THE ADVANTAGES OF COUNSELLING SESSIONS ONLINE

Remote counselling and therapy offers many advantages in comparison to traditional face-to-face therapy or courses.

How? Because working on line and via telephone or Skype sessions offers clients with several advantages in terms of choice.

As a client you can chose to work with me independently of the area or country you live in. So you can choose the service and considerable experience you want regardless of where the live.


Flexible working time with me
Especially for those with a busy life style where appointment times and travel create more stress so the you can be entirely free to set your own pace for counselling.

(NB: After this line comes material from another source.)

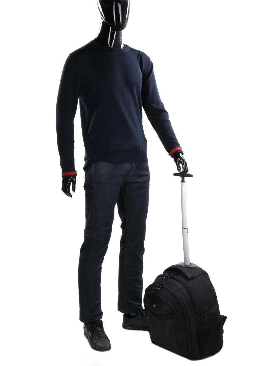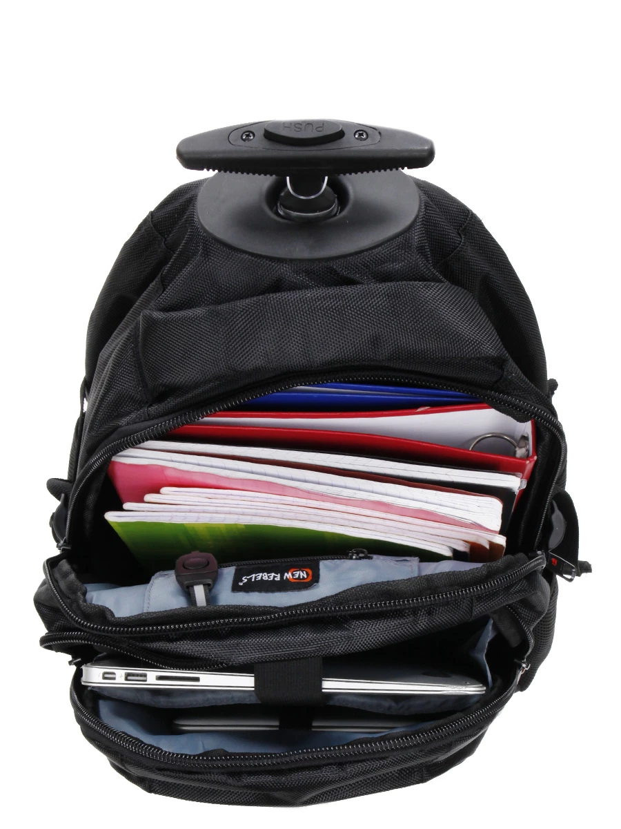 Côté extérieur, ce sac ordinateur New Rebels Cross est tout aussi fonctionnel. En effet, il est équipé d’une poche arrière zippée, utile pour y placer les bretelles escamotables ou des affaires à la dernière minute. On trouve aussi une poche frontale et 2 poches latérales en filet pour les effets personnels, la bouteille d’eau, un parapluie… Afin de transporter les affaires confortablement, en plus de ses 2 roues, ce sac est doté de sangles d’épaules matelassées, d’un dos rembourré mais aussi d’une poignée supérieure renforcée.

If you have to travel for business or study or temporarily relocate to another country we can carry on the work without interruption.


Costs and Time
Online work eliminates many of the overheads which clients normally have to pay for and the charging methods for counselling place as much control of costs in the hands of the client.


The Therapy Process Itself
Working online provides special advantages.

Some people find it easier to discuss issues without another person physically present, and some clients feel more comfortable in the relationship with the counsellor more quickly because of this.


Working with online written and recorded material
You can work at your own pace and at the same time feel more engaged and committed when you can read or listen to materials. Reflect, re-read or listen again.

With email support some people find it easier to express lengthy or complex ideas or feelings via writing knowing that they have time to 'finish the thought' with time and space to hear back from me.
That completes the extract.